EXERCISE REQUIREMENTS
Please return exactly the lines below that run from the line with "美国南加州华人联合总会会长杨" through the end of the listing, both included, but not the pictures.

DATA
------------------------
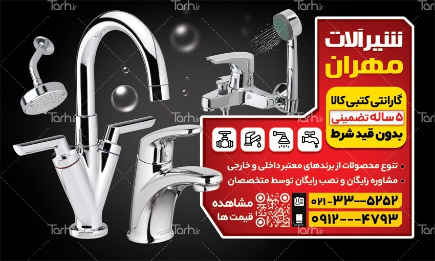 طرح پوستر شیرآلات بهداشتی با رنگ زمینه مشکی کد فایل 3980721
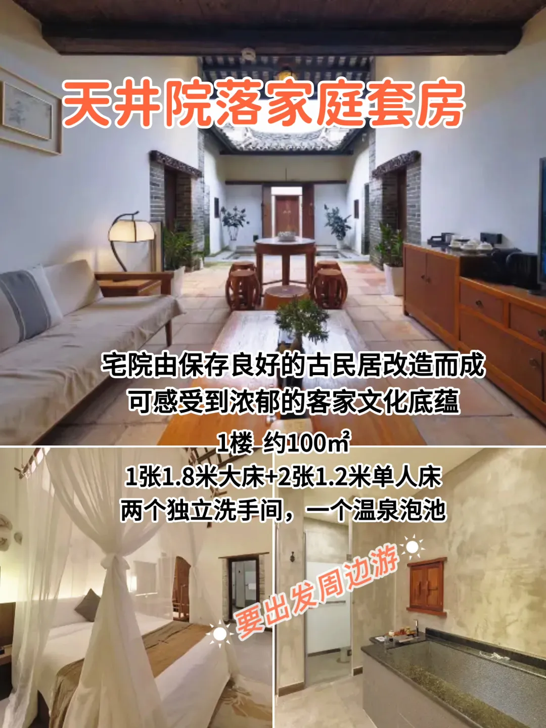 天井院落套房两室一厅📍1楼 约100㎡1张1.8米大床+2张1.2米单人床两个独立洗手间,一个温泉泡池
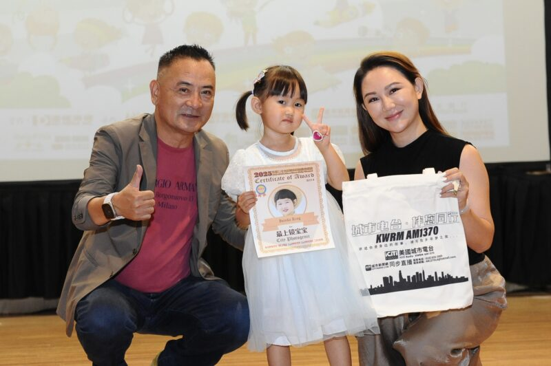 美国南加州华人联合总会会长杨逸凡代表、女性委员会负责人喻萍、帝豪食品董事长陈定华致辞并为「城市封面宝宝选拔」“最上镜宝宝”获奖小朋友颁奖
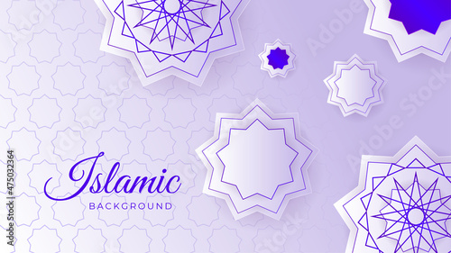 © Salman, Fototapeta premium Ornamental Mandala Purple white pattern Islamic design background. Islamic Background design for Ramadan Kareem
------------------------
TASK RESULT
 美国南加州华人联合总会会长杨逸凡代表、女性委员会负责人喻萍、帝豪食品董事长陈定华致辞并为「城市封面宝宝选拔」“最上镜宝宝”获奖小朋友颁奖
 © Salman, Fototapeta premium Ornamental Mandala Purple white pattern Islamic design background. Islamic Background design for Ramadan Kareem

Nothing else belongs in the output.